* [What you are asked to do]
Print the line containing "Ob koncu uvodnega" and all lines after it to the end of the records below, exactly as written. No pictures.

Extracted data entries:
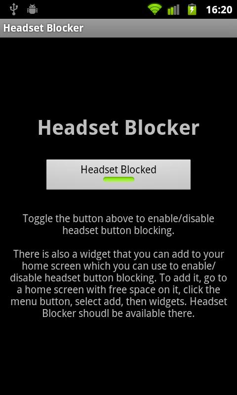Tired of your phone randomly skipping songs because it thinks your headphones are controlling the music? This simple widget allows you to block and intercept unwanted headphone control signals which seem to accidentally occur from time to time.
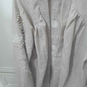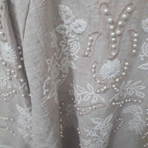 Kadın Arkası Ve Kolları Nakışlı Inci Detaylı Keten Kimono Ceket Ve Pantolon Alt Üst Takım Kadın Arkası Ve Kolları Nakışlı Inci Detaylı Keten Kimono Ceket Ve Pantolon Alt Üst Takım 218M L
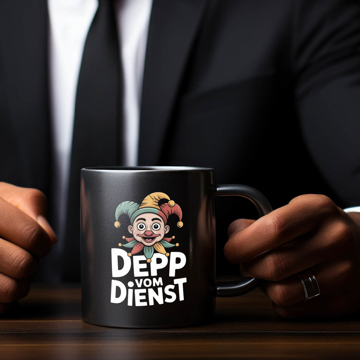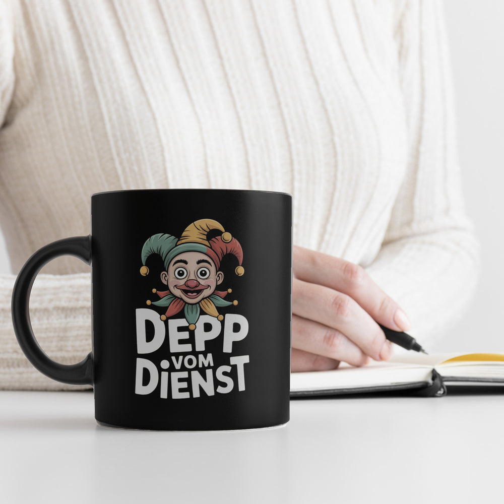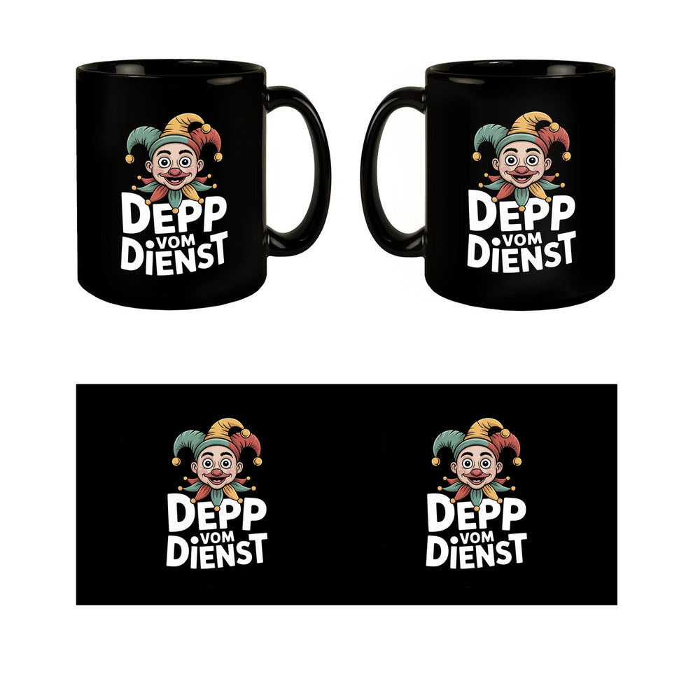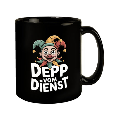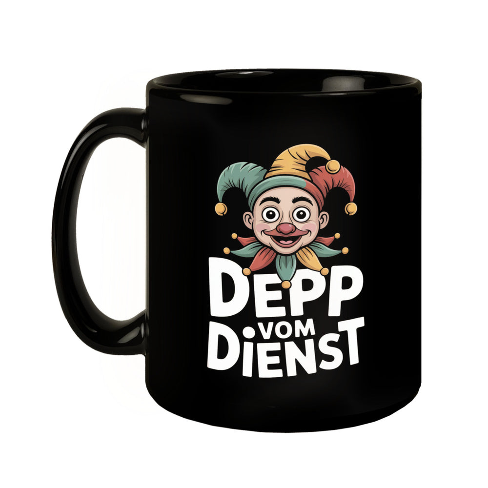 - Die "Depp vom Dienst" Tasse zeigt ein skurriles und charmantes Kasperle-Puppen-Cartoon. Der Kasper trägt ein buntes Narrenkostüm, komplett mit spitzer Mütze und Glöckchen, und starrt mit großen, ausdrucksstarken Augen und einem schelmischen Grinsen. Der Text in verspielter Schrift hebt sich humorvoll vom kräftigen Schwarz der Tasse ab.
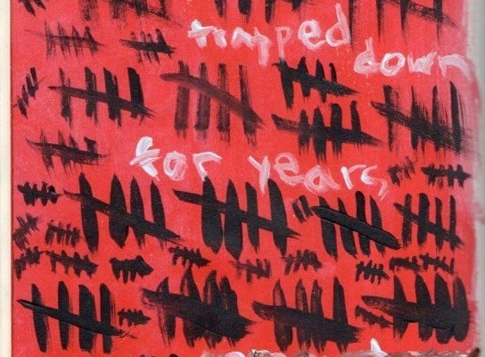 I felt trapped while doing this piece. Like I was being held captive in my own life and by the expectations I have for myself and the expectations others have of me. The more ticks I made to symbolize the days passing, the more it felt like I wasn’t keeping count of the days, weeks, months, and years going forward–but more like it was counting the days going backwards. These days marked here are a journey to the past. To the first moment I felt that drag of ennui; the first time I felt desperate in my life and longed for it to be over somehow; to before I was born and into the lives of those who came before me and from whom I inherited all my current conditions, phobias, and anxieties.
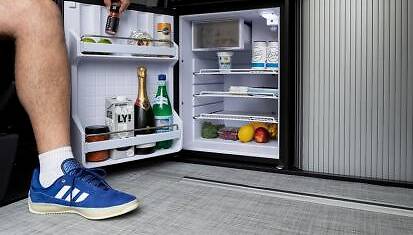 行李厢被设计成盥洗区和一张儿童床,能提供生活用水甚至是简单的淋浴功能。冰箱、餐具也有各自安放的地方。
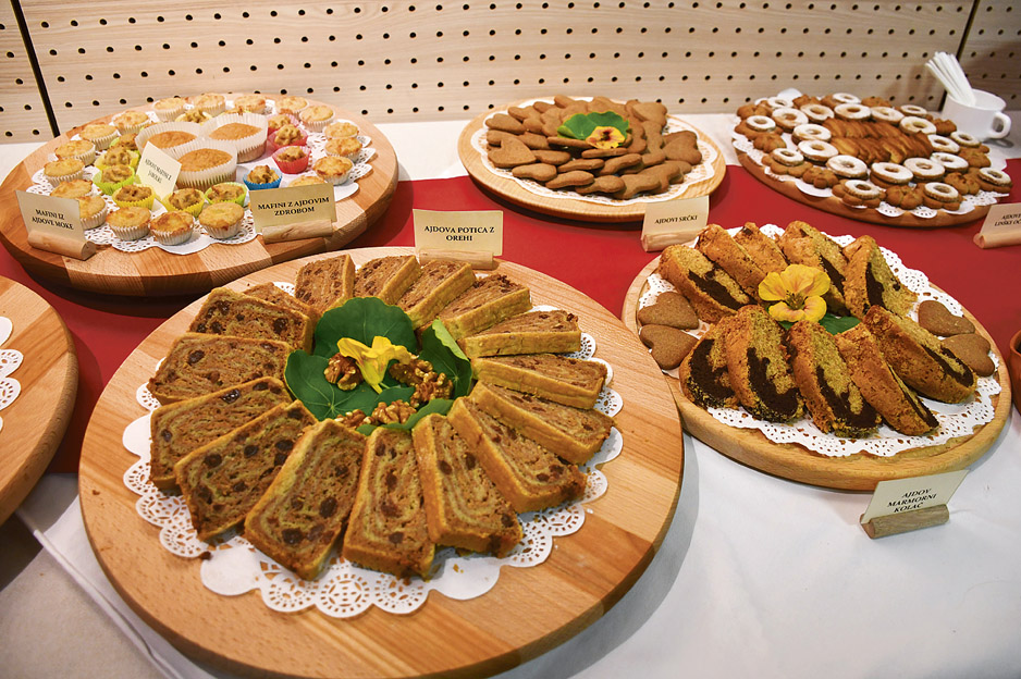 Ob koncu uvodnega dela je predsednica društva Elizabeta Verščaj obiskovalcem predstavila razstavljene jedi in jih povabila k pokušini. Ponujenih je bilo okrog 50 najrazličnejših jedi iz ajde – tako slanih kot sladkih: ajdov potancelj, ajdova pogača s skutnim nadevom, različne vrste kruha, različne kombinacije ajdovih solat in namazov, pa tudi sladice, kot so ajdova pita s kakijem, palačinke, rulade, ajdova pita s sadnim jogurtom, ajdov šarkelj z rozinami, narastek iz ajdove kaše, ajdovi mafini in piškoti, potica ter celo ajdova torta.
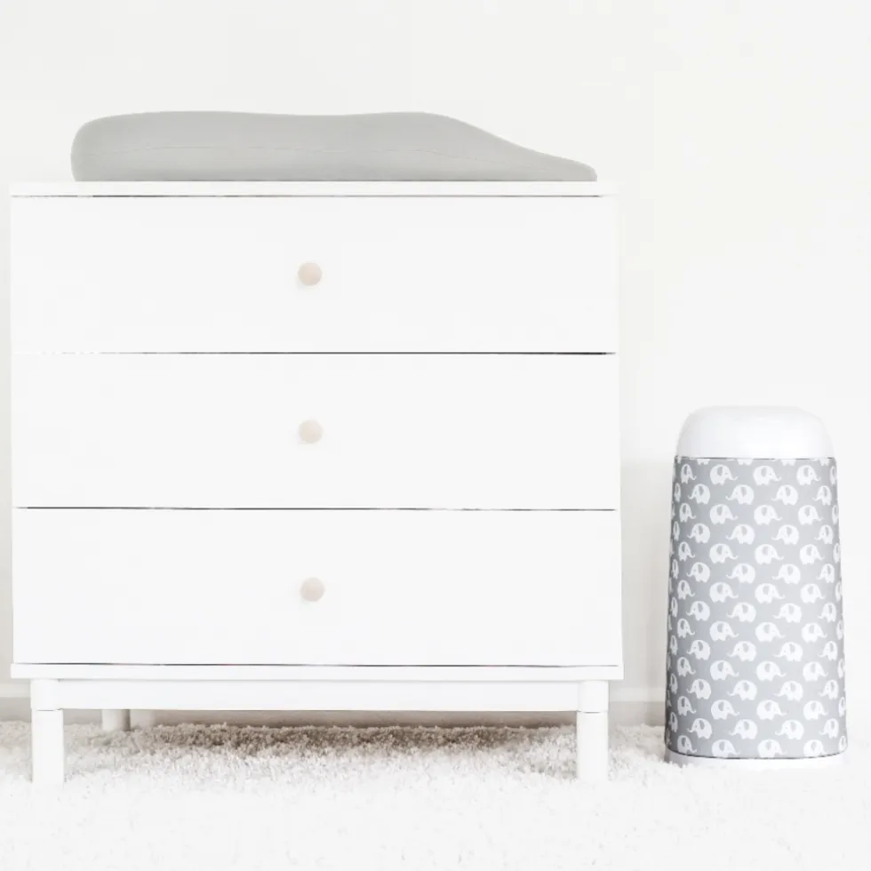 Een stijlvolle manier om de kinderkamer schoon te houden is de Dress Up luieremmer met hippe hoes van Angelcare!

* [Exercise answer]
 Ob koncu uvodnega dela je predsednica društva Elizabeta Verščaj obiskovalcem predstavila razstavljene jedi in jih povabila k pokušini. Ponujenih je bilo okrog 50 najrazličnejših jedi iz ajde – tako slanih kot sladkih: ajdov potancelj, ajdova pogača s skutnim nadevom, različne vrste kruha, različne kombinacije ajdovih solat in namazov, pa tudi sladice, kot so ajdova pita s kakijem, palačinke, rulade, ajdova pita s sadnim jogurtom, ajdov šarkelj z rozinami, narastek iz ajdove kaše, ajdovi mafini in piškoti, potica ter celo ajdova torta.
 Een stijlvolle manier om de kinderkamer schoon te houden is de Dress Up luieremmer met hippe hoes van Angelcare!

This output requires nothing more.